Tel Aviv Open Markets
After visiting so many cities of the world, and thoroughly looking into the shopping scene of each and every one, I have come to the conclusion that Tel Aviv is a shopper's heaven. It has everything a shopping saavy tourist needs, and some of the best open markets.
This article will focus on the many open markets in Tel-Aviv, and each of the markets' uniqueness, so here it goes...
- Shuk Hakarmel - Tel Aviv's central fresh products and food market. It offers food, fruits, vegetables and also a few stands with basic clothing and lingerie. The north entrance to shuk hakarmel is from Allenby street - next to king george st. and the south entrance is from "Karmelit" bus station - next to the David intercontinental.
- Shuk Betzalel - Tel Aviv's textile and shopping market, where you can buy children's clothes, women's clothes, lingerie and other textile at extrmely low prices.
Suhk Betzalel's main streets are Beit Lehem, Betzalel, Hamakabi and Tchernichovsky.
Entering Shuk Betzalel can be from king george or Allenby street - to the north - west from their corner.
- Shuk Levinski - a strange mixture of a spices market, and a street for buying lamp shades. Here you can buy the best "bureks" in town, as well as spices and greek-turkish delights.
Levinski market is on Levinski street - between Aliya and Hertzel streets.
- The flea market - Jaffa's biggest market is a traditional flea market. It is surrounded by many other small markets. Getting there is easiest from Jaffa's clock square - turn left after leaving the square to the south.
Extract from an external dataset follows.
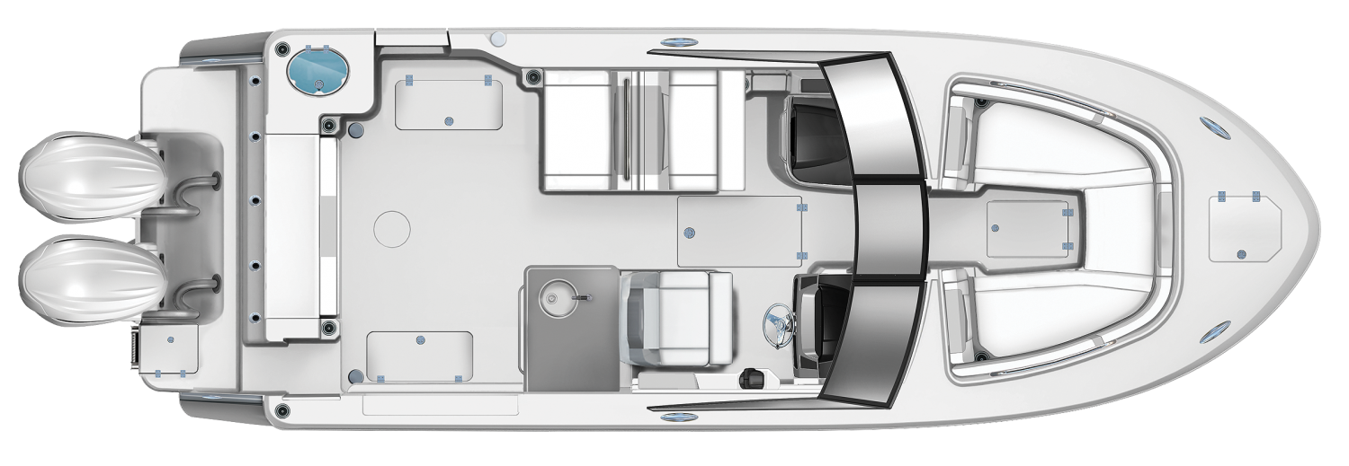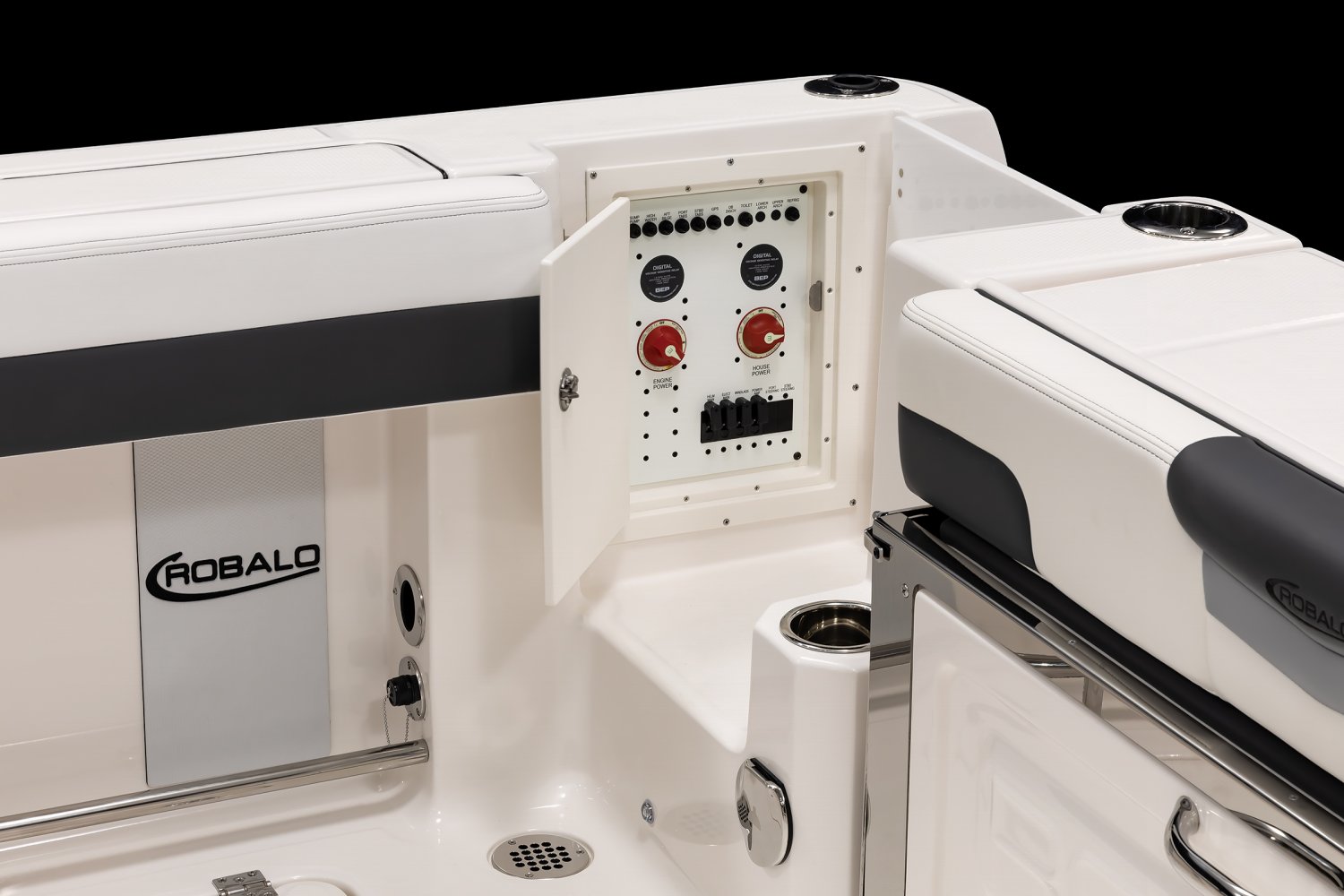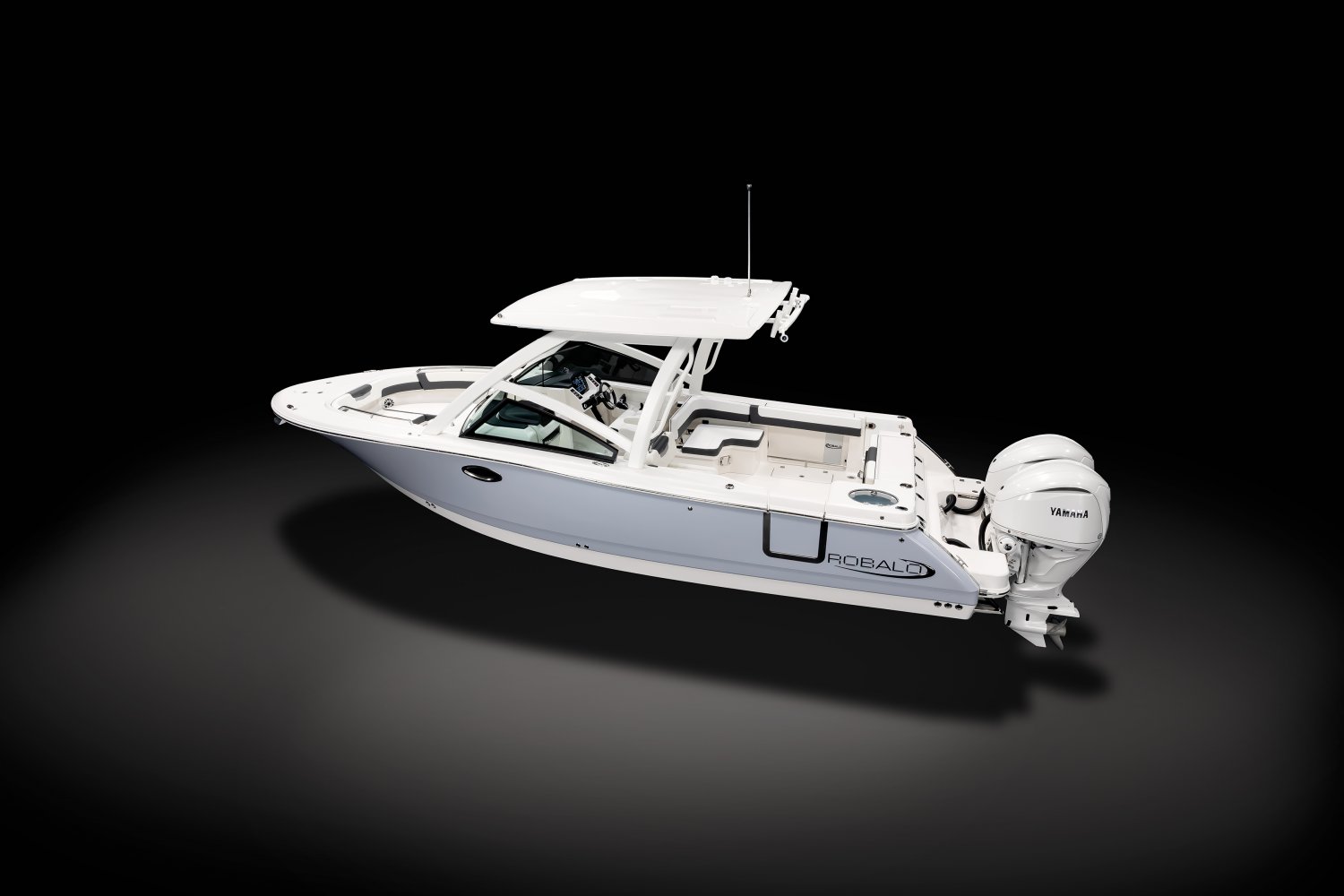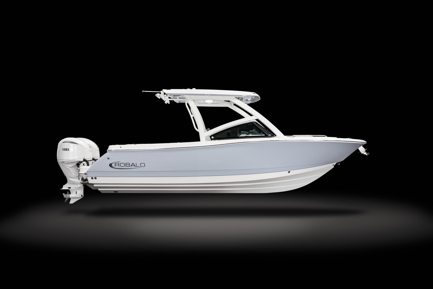 Hull Side Gelcoat - Alloy Gray Twin Yamaha Four Stroke White F250XSB2 250HP 25" with Digital Electric Steering Yamaha Helm Master EX with Maneuverability Cockpit Interior - Harbor Gray Hardtop Underside Gel Color - Alloy Gray Forward Canvas Fly - Black Canvas Hardtop Enclosure Black Leather Wrapped Steering Wheel with Robalo Logo Dual Color LED Underwater Lights (2 each) JL Audio Sound System Upgrade Stainless Steel Drink/Rod Holders (2) Stainless Steel 20lbs Anchor Stowable Stainless Steel Side Entry Boarding Ladder Windlass Package 5 Year Premium Level Limited Component Warranty Water Ready with Twin Engine NMMA Grow Boating Fund Aluminum Tandem Axle Trailer with Aluminum Wheels and Bow V-Stop Spare Tire Kit - Aluminum Wheel

- Shuk Hatikva - this market is not really at the heart of Tel-Avvi, but it is one of the biggest food markets in Israel, and really worth a visit. It has recently been renovated, and now it's cleaner and tydier.
The Tikva market entrance is from the "Etzel" street on "shchunat hatikva".
I recommend that you visit all markets - each is unique, and gives a much better experience than any shopping mall.